> _What is expected_: Starting at the line with "Funny Nurse Mug" and ending at the line with "古擺件 中国古美術7L12-ZQ15 收藏", print exactly the lines of the entries below. Pictures do not belong in the copy.

[[ Dataset entries open ]]

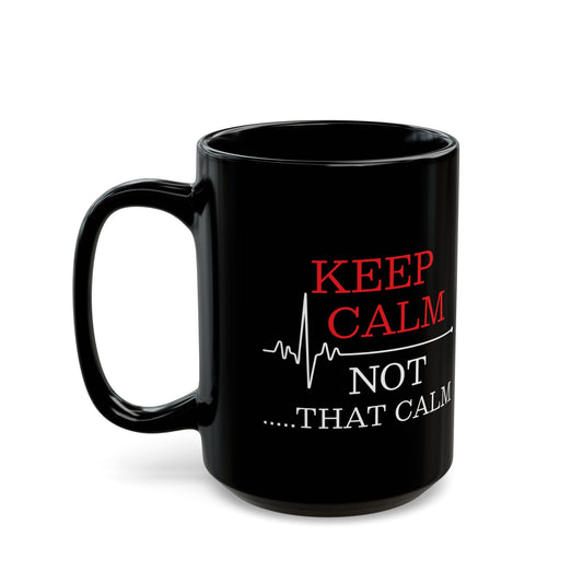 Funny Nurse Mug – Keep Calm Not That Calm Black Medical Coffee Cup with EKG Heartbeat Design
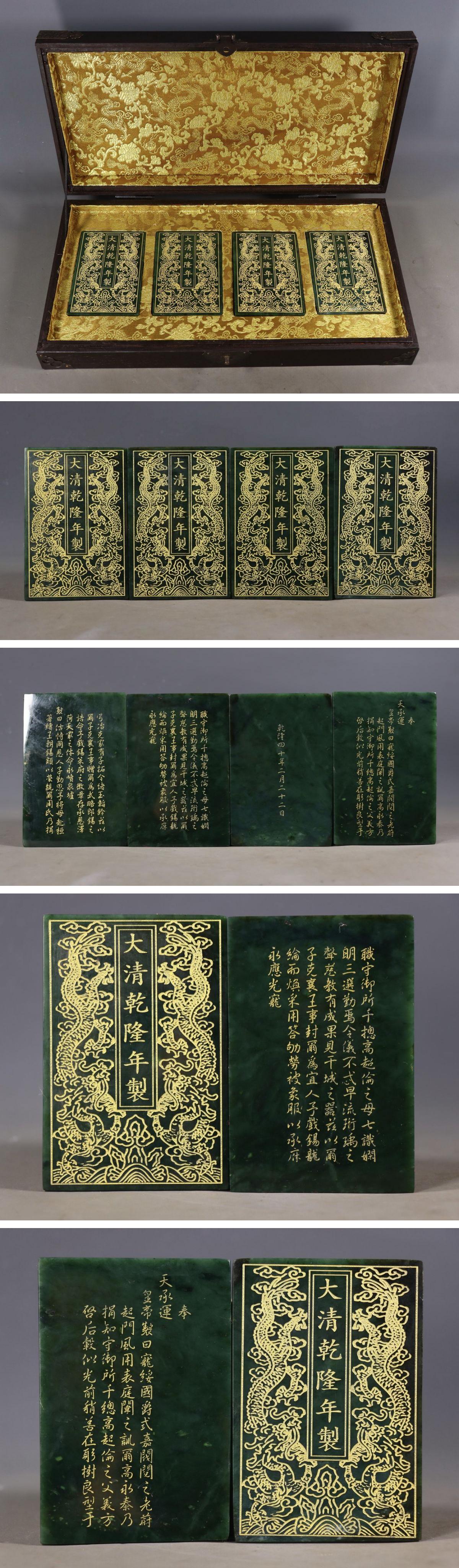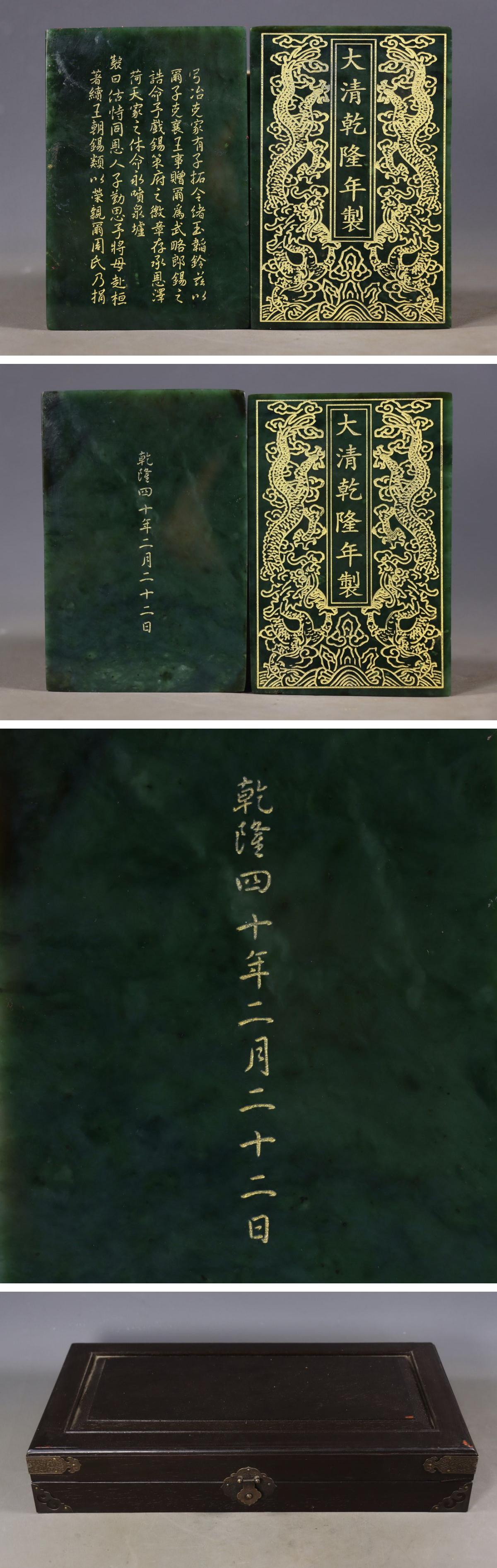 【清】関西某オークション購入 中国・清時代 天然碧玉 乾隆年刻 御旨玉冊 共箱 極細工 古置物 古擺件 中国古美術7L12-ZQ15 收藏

[[ Dataset entries closed ]]
[[ Dataset entries open ]]

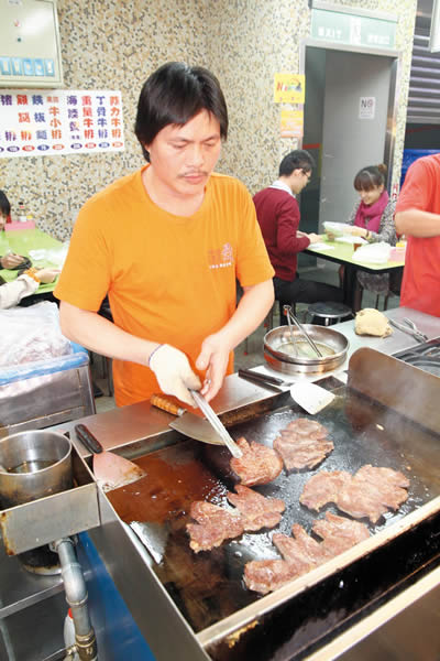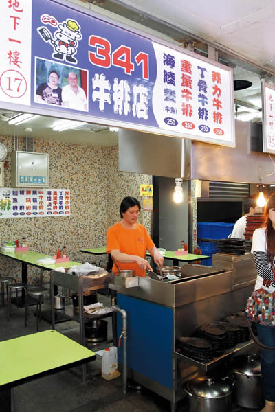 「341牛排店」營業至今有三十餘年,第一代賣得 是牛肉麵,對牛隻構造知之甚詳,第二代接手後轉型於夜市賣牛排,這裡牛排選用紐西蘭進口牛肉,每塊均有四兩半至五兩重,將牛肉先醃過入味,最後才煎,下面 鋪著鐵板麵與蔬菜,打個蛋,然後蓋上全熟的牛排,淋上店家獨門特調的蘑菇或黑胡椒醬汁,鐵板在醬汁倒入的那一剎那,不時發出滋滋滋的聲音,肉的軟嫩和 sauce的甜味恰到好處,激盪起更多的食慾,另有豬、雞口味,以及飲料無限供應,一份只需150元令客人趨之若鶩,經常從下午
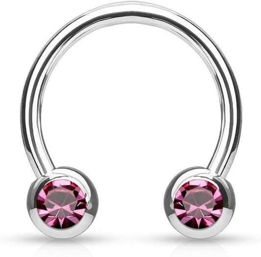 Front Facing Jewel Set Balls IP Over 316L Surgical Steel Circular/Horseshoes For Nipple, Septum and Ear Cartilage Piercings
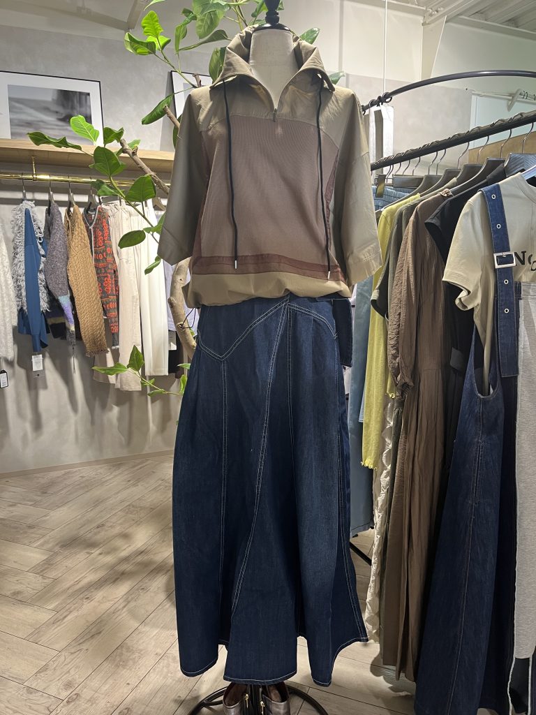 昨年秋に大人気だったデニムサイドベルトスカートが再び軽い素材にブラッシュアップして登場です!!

[[ Dataset entries closed ]]
[[ Dataset entries open ]]

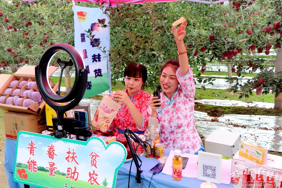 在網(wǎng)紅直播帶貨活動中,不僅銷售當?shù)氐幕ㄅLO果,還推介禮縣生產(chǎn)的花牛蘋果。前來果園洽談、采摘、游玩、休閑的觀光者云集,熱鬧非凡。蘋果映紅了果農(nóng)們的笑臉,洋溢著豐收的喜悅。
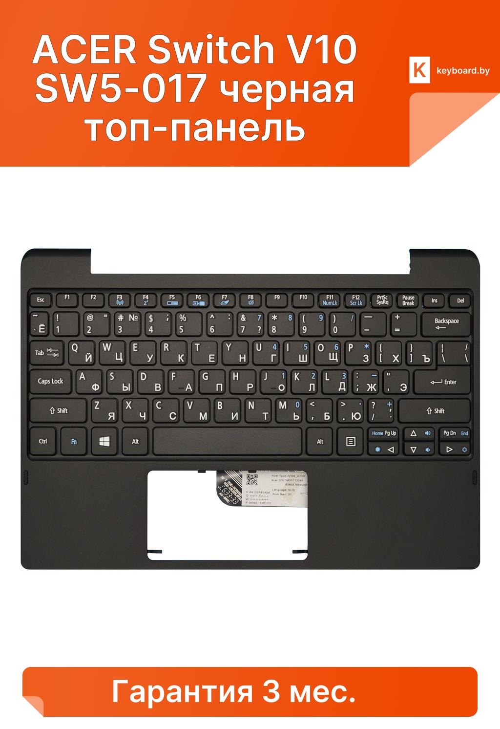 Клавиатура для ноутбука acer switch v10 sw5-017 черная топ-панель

[[ Dataset entries closed ]]

> _Task answer_:
 Funny Nurse Mug – Keep Calm Not That Calm Black Medical Coffee Cup with EKG Heartbeat Design
 【清】関西某オークション購入 中国・清時代 天然碧玉 乾隆年刻 御旨玉冊 共箱 極細工 古置物 古擺件 中国古美術7L12-ZQ15 收藏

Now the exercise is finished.